Work instruction
Omit every picture while you reproduce the entries that follow word for word.

..........

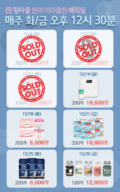 10¿ù ¡®¸ÅÁ÷µô¡¯Àº ÁÁÀº´À³¦, ÈÀÌÆ®, P&G, ¿¡¸®¿¡¸£ µîÀÇ »ý¸®´ë¿Í Çϱ⽺, ±º±âÀú±Í, ¹Ì¹êµå2, À©¸¶ÀÌ ¹Ì´ÏüÁß°è, ¾çŰĵµé µîÀÇ ÀϹݻóǰÀ¸·Î ±¸¼ºµÇ¾úÀ¸¸ç, »óǰ¿¡ µû¶ó ÃÖ´ë 75%±îÁö ÇÒÀÎµÈ °¡°Ý¿¡ ±¸¸ÅÇÒ ¼ö ÀÖ´Ù.
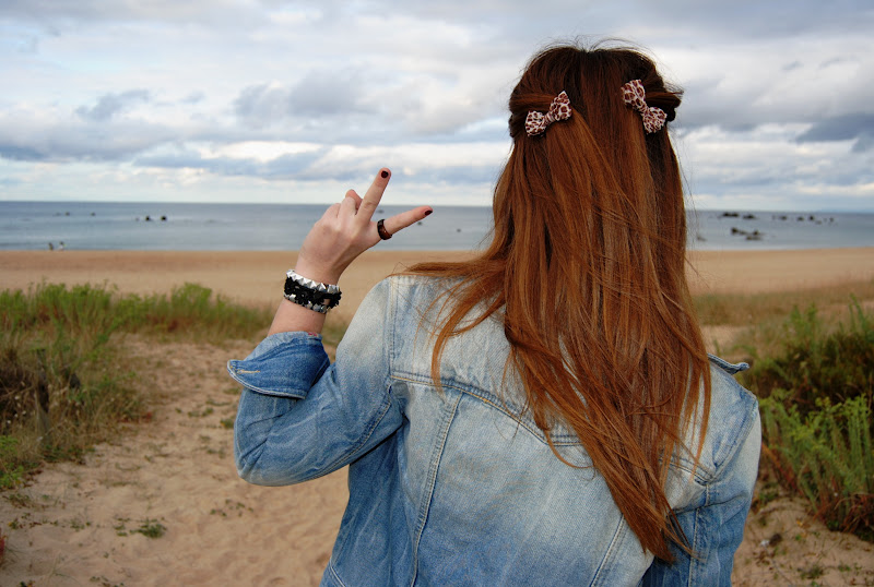 me encanta la camiseta y los lazitos en el pelo :) y de fondo esa playa!!
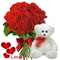 12 Red Roses Bunch with a small teddy bear (6 Inch.)
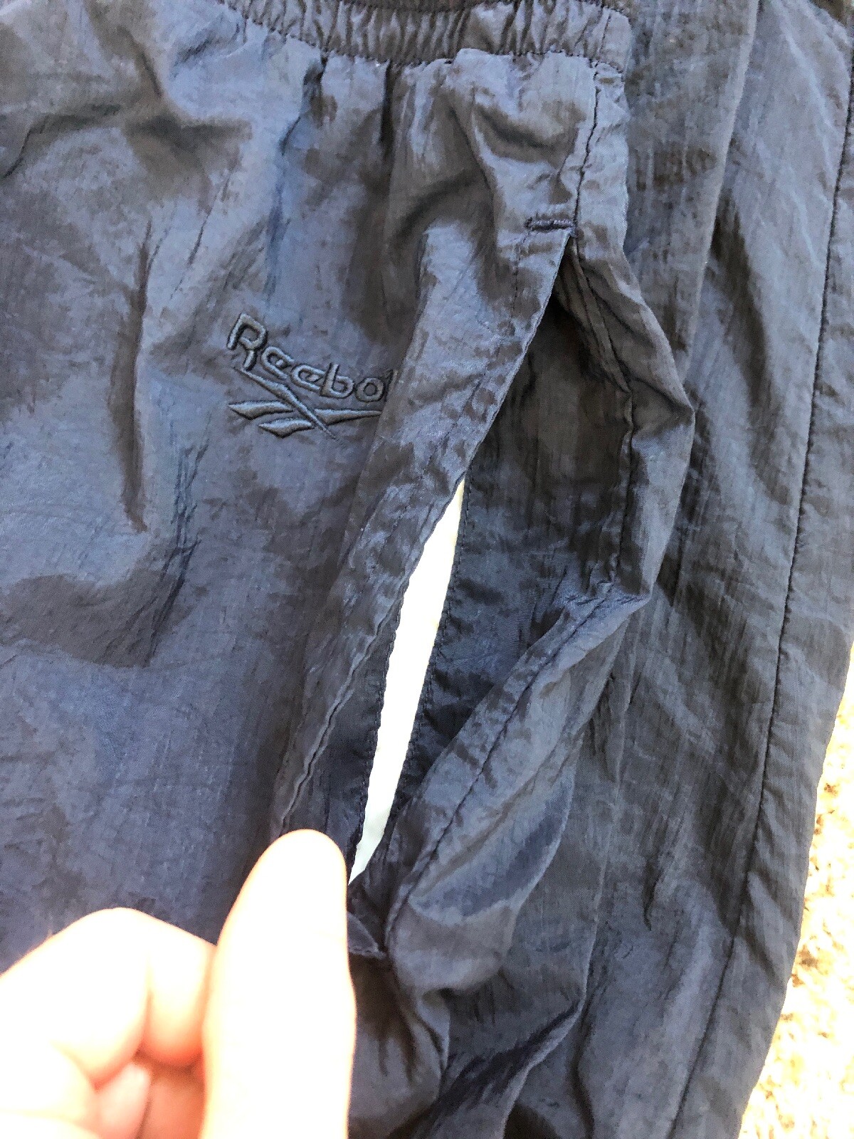 как выглядит Vintage 80s Reebok Windbreaker Exercise Pants Navy Blue Thailand Size Large фото
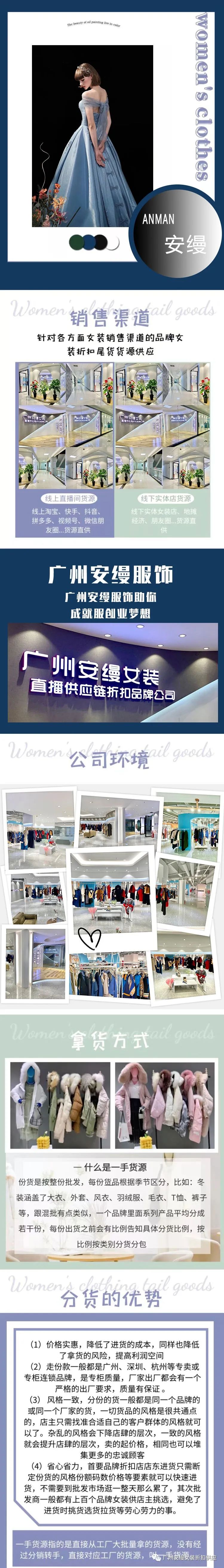 安缦品牌折扣女装服饰有限公司是一家从事品牌女装批发的公司,主营:品牌折扣店货源、品牌折扣批发、尾货女装批发等。公司看货展厅有5000平方,仓库3000平方,长年保持600个品牌供应,品牌更新快,价格低。批发品牌汇聚内外一二线各知名品牌。每季度更新品牌500--1000个。
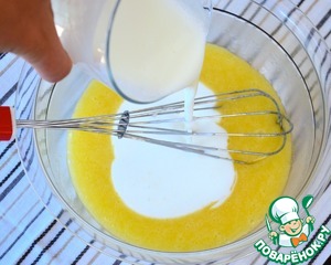 • Следом влить кефир и снова перемешать.
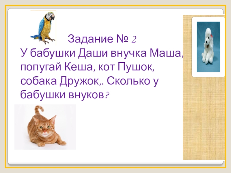 У бабушки Даши внучка Маша, попугай Кеша, кот Пушок,
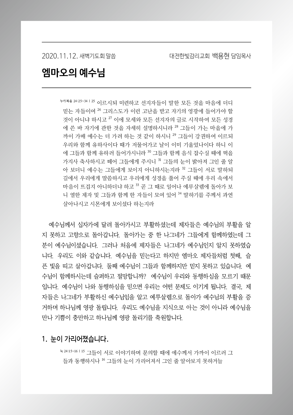 한글파일 다운로드 ➡︎ 201112_엠마오의 예수님.hwp

..........

Task result
 10¿ù ¡®¸ÅÁ÷µô¡¯Àº ÁÁÀº´À³¦, ÈÀÌÆ®, P&G, ¿¡¸®¿¡¸£ µîÀÇ »ý¸®´ë¿Í Çϱ⽺, ±º±âÀú±Í, ¹Ì¹êµå2, À©¸¶ÀÌ ¹Ì´ÏüÁß°è, ¾çŰĵµé µîÀÇ ÀϹݻóǰÀ¸·Î ±¸¼ºµÇ¾úÀ¸¸ç, »óǰ¿¡ µû¶ó ÃÖ´ë 75%±îÁö ÇÒÀÎµÈ °¡°Ý¿¡ ±¸¸ÅÇÒ ¼ö ÀÖ´Ù.
 me encanta la camiseta y los lazitos en el pelo :) y de fondo esa playa!!
 12 Red Roses Bunch with a small teddy bear (6 Inch.)
 как выглядит Vintage 80s Reebok Windbreaker Exercise Pants Navy Blue Thailand Size Large фото
 安缦品牌折扣女装服饰有限公司是一家从事品牌女装批发的公司,主营:品牌折扣店货源、品牌折扣批发、尾货女装批发等。公司看货展厅有5000平方,仓库3000平方,长年保持600个品牌供应,品牌更新快,价格低。批发品牌汇聚内外一二线各知名品牌。每季度更新品牌500--1000个。
 • Следом влить кефир и снова перемешать.
 У бабушки Даши внучка Маша, попугай Кеша, кот Пушок,
 한글파일 다운로드 ➡︎ 201112_엠마오의 예수님.hwp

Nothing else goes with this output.